### RECORDS PROVIDED
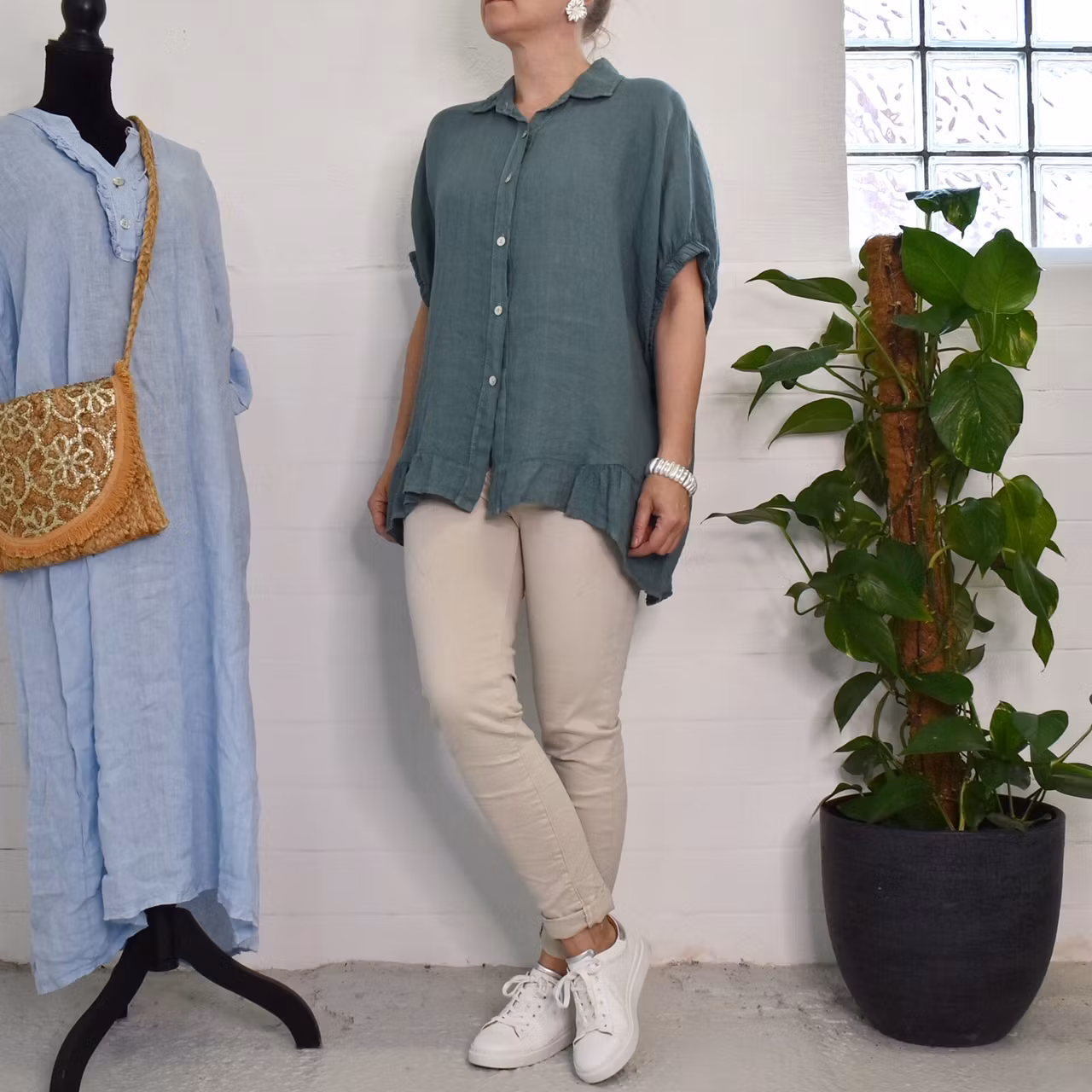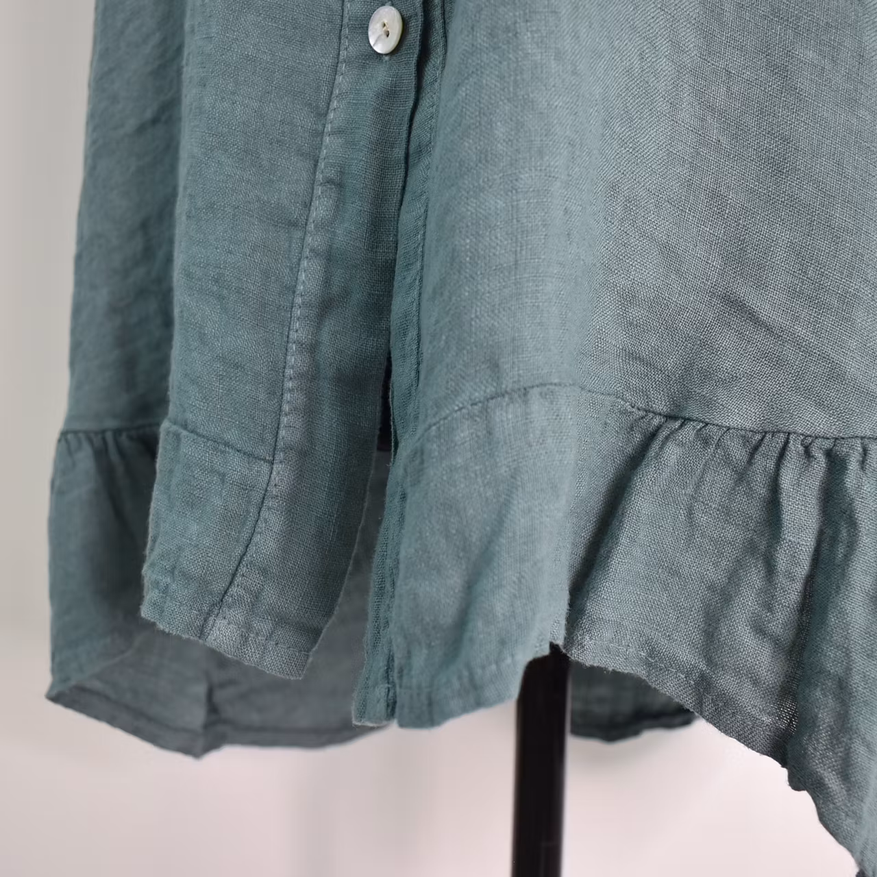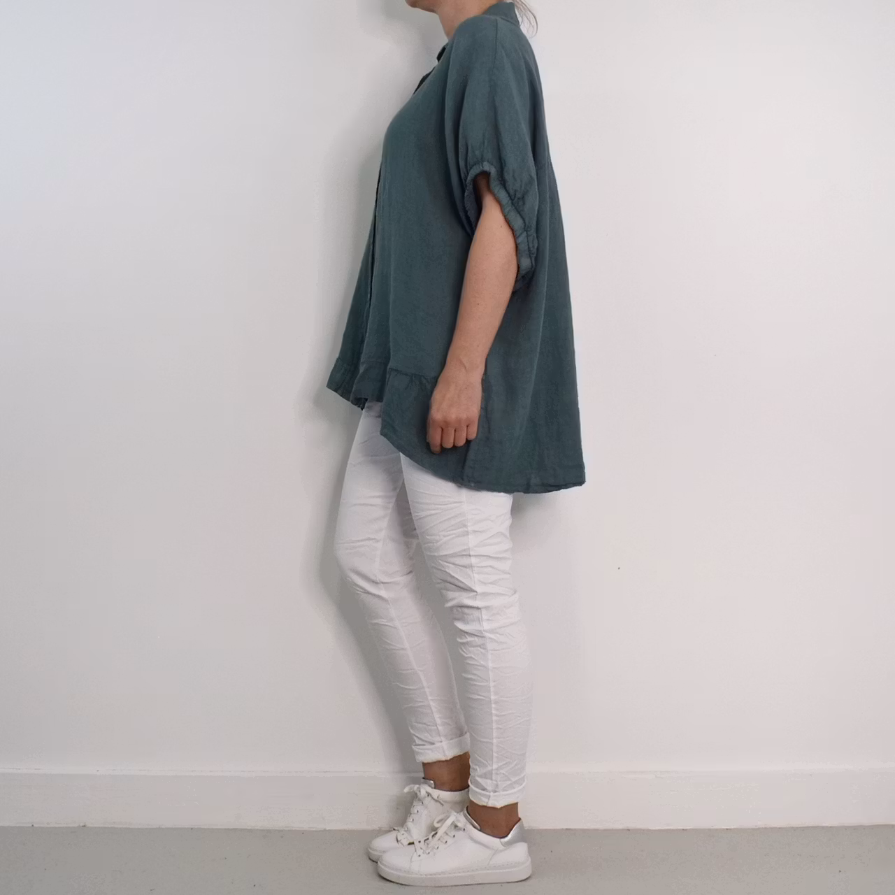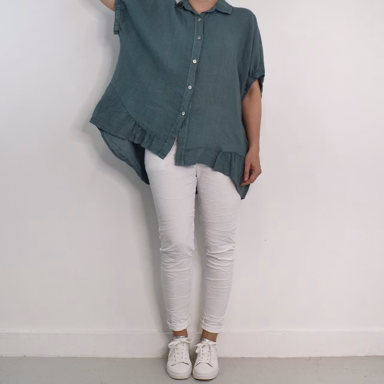 Det här är en snygg linneskjorta med läcker kort, rynkad resår-ärm samt en liten volang längst ner framtill. Där är pärlemorknappar hela vägen fram och skjortan är längre baktill. Under sömmen tvärs över ryggen är där ett dekorativt sprund. Tänk på att materialet inte innehåller stretch och att tyget är något genomskinligt. Rymlig One Size - passar uppskattningsvis upp till storlek 42. Då vi alla är olika formade rekommenderar vi att man tar hjälp av måtten längre ner i beskrivningen nedan för att bedöma om plagget kan passa. Modellen har en bröstvidd på cirka 88cm och är 163cm lång. Observera att förekomsten av streck, färgskiftningar etc. inte är defekter utan en del av det som gör tyget vackert.
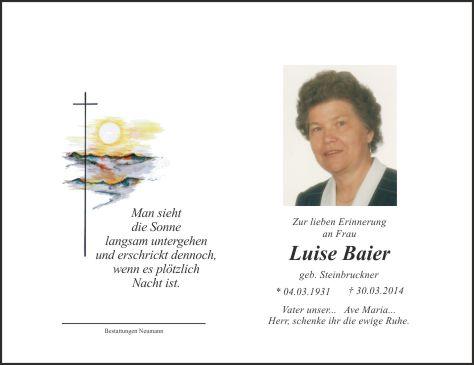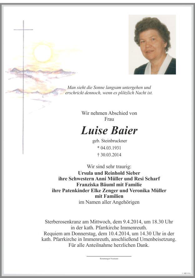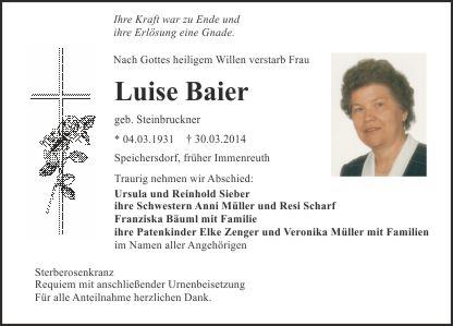 Sterberosenkranz am Mittwoch, dem 9.4.2014, um 18.30 Uhr in der kath. Pfarrkirche Immenreuth. Requiem am Donnerstag, dem 10.4.2014, um 14.30 Uhr in der kath. Pfarrkirche Immenreuth, anschließend Urnenbeisetzung im Friedhof.
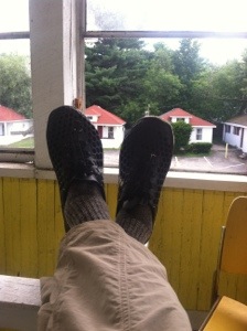 So when we reached the Carter Notch Hut in the cold rain, we called it a day. Pilgrim and I are sharing a bunk room with Rodney and his 12 year old son Josh. Josh is working on summiting all the 4000 footers in New Hampshire. Slim is is another room. At dinner we sat with members of a large family who were out for three days. Bill from Philly was to my right. When he discovered that we were thru hikers he asked many questions. Another member of the family said her father had worked at the hut in the 40’s. Carter is the oldest original hut in the Whites.
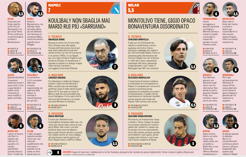 Come di consueto la Gazzetta dello Sport propone oggi voti e pagelle del match di ieri sera; in casa Milan tornano ad essere troppe le bocciature per i singoli: Giacomo Bonaventura, schierato da esterno sinistro, si becca un secco 5 in pagella per i tanti errori in fase offensiva. Stesso voto per Manuel Locatelli, anche lui piazzato fuori ruolo, e André Silva che continua ad essere un corpo estraneo. Insufficienti anche un Kalinic impalpabile e un Borini stavolta più caotico e meno lucido.
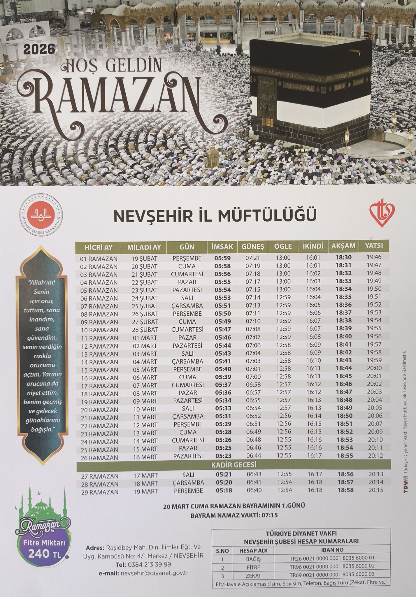 Bu yıl Nevşehir’de Ramazan ayı 29 gün sürecek. İlk gün sahura saat 05.59, ilk iftar ise 18.30’da yapılacak.
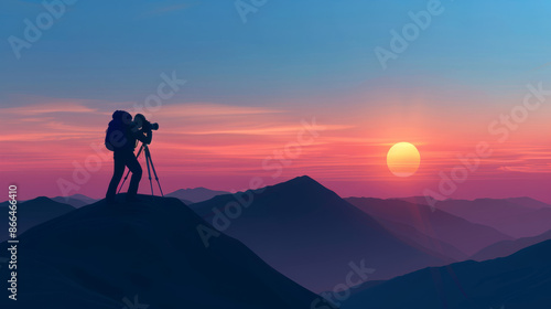 ''photographer taking a picture of a beautiful landscape, sun setting in the background, colorful illustration with details''
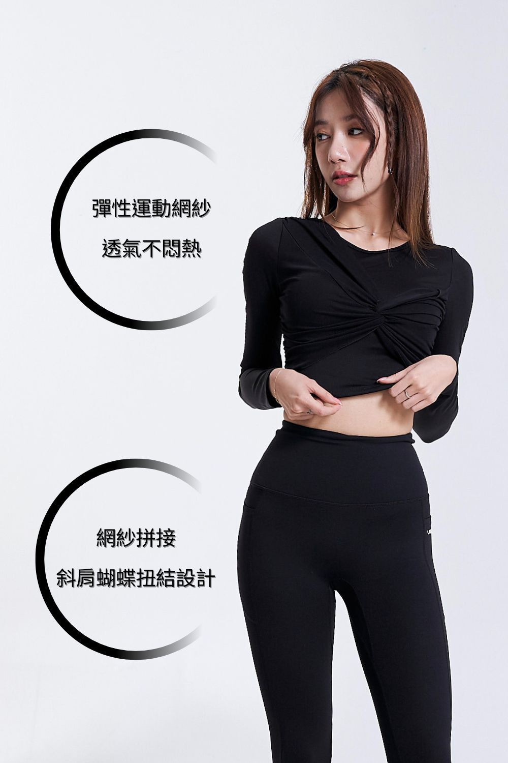 • 彈性運動布料搭配前方輕柔裸感網紗,滑順親膚,修身短版版型,透氣不悶熱,舒適感滿分。
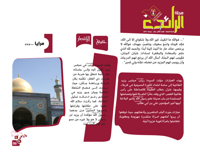 لمزيد من التّفاصيل حول مواقف السّيدة زينب مراجعة أو تصفح صفحة مرايا من مجلة الرائدة العدد 12
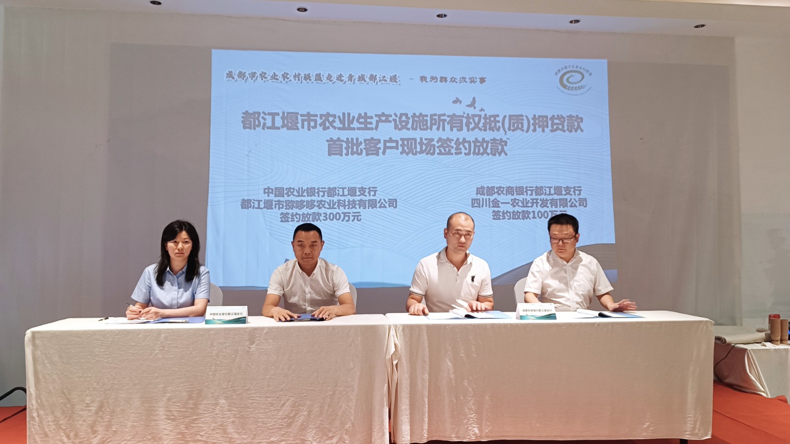 为支持农业经营主体可持续发展,活动期间,农行都江堰支行、成都农商银行都江堰支行与都江堰猕哆哆农业有限公司、金一家庭农场,分别签订了以农业生产设施抵为核心有效押品的贷款配套合同,首批放款400万元,标志着以农业生产设施作为贷款有效押品的融资模式获得金融机构认可,实现了农业生产设施“贷”动乡村振兴改革实验的首发落地,为成都市推广提供了可借鉴、可复制的普适经验。

### YOUR OBJECTIVE
Leave out the images and repeat the rest of the data word for word.

### SOLUTION TO THE EXERCISE
 Det här är en snygg linneskjorta med läcker kort, rynkad resår-ärm samt en liten volang längst ner framtill. Där är pärlemorknappar hela vägen fram och skjortan är längre baktill. Under sömmen tvärs över ryggen är där ett dekorativt sprund. Tänk på att materialet inte innehåller stretch och att tyget är något genomskinligt. Rymlig One Size - passar uppskattningsvis upp till storlek 42. Då vi alla är olika formade rekommenderar vi att man tar hjälp av måtten längre ner i beskrivningen nedan för att bedöma om plagget kan passa. Modellen har en bröstvidd på cirka 88cm och är 163cm lång. Observera att förekomsten av streck, färgskiftningar etc. inte är defekter utan en del av det som gör tyget vackert.
 Sterberosenkranz am Mittwoch, dem 9.4.2014, um 18.30 Uhr in der kath. Pfarrkirche Immenreuth. Requiem am Donnerstag, dem 10.4.2014, um 14.30 Uhr in der kath. Pfarrkirche Immenreuth, anschließend Urnenbeisetzung im Friedhof.
 So when we reached the Carter Notch Hut in the cold rain, we called it a day. Pilgrim and I are sharing a bunk room with Rodney and his 12 year old son Josh. Josh is working on summiting all the 4000 footers in New Hampshire. Slim is is another room. At dinner we sat with members of a large family who were out for three days. Bill from Philly was to my right. When he discovered that we were thru hikers he asked many questions. Another member of the family said her father had worked at the hut in the 40’s. Carter is the oldest original hut in the Whites.
 Come di consueto la Gazzetta dello Sport propone oggi voti e pagelle del match di ieri sera; in casa Milan tornano ad essere troppe le bocciature per i singoli: Giacomo Bonaventura, schierato da esterno sinistro, si becca un secco 5 in pagella per i tanti errori in fase offensiva. Stesso voto per Manuel Locatelli, anche lui piazzato fuori ruolo, e André Silva che continua ad essere un corpo estraneo. Insufficienti anche un Kalinic impalpabile e un Borini stavolta più caotico e meno lucido.
 Bu yıl Nevşehir’de Ramazan ayı 29 gün sürecek. İlk gün sahura saat 05.59, ilk iftar ise 18.30’da yapılacak.
 ''photographer taking a picture of a beautiful landscape, sun setting in the background, colorful illustration with details''
 • 彈性運動布料搭配前方輕柔裸感網紗,滑順親膚,修身短版版型,透氣不悶熱,舒適感滿分。
 لمزيد من التّفاصيل حول مواقف السّيدة زينب مراجعة أو تصفح صفحة مرايا من مجلة الرائدة العدد 12
 为支持农业经营主体可持续发展,活动期间,农行都江堰支行、成都农商银行都江堰支行与都江堰猕哆哆农业有限公司、金一家庭农场,分别签订了以农业生产设施抵为核心有效押品的贷款配套合同,首批放款400万元,标志着以农业生产设施作为贷款有效押品的融资模式获得金融机构认可,实现了农业生产设施“贷”动乡村振兴改革实验的首发落地,为成都市推广提供了可借鉴、可复制的普适经验。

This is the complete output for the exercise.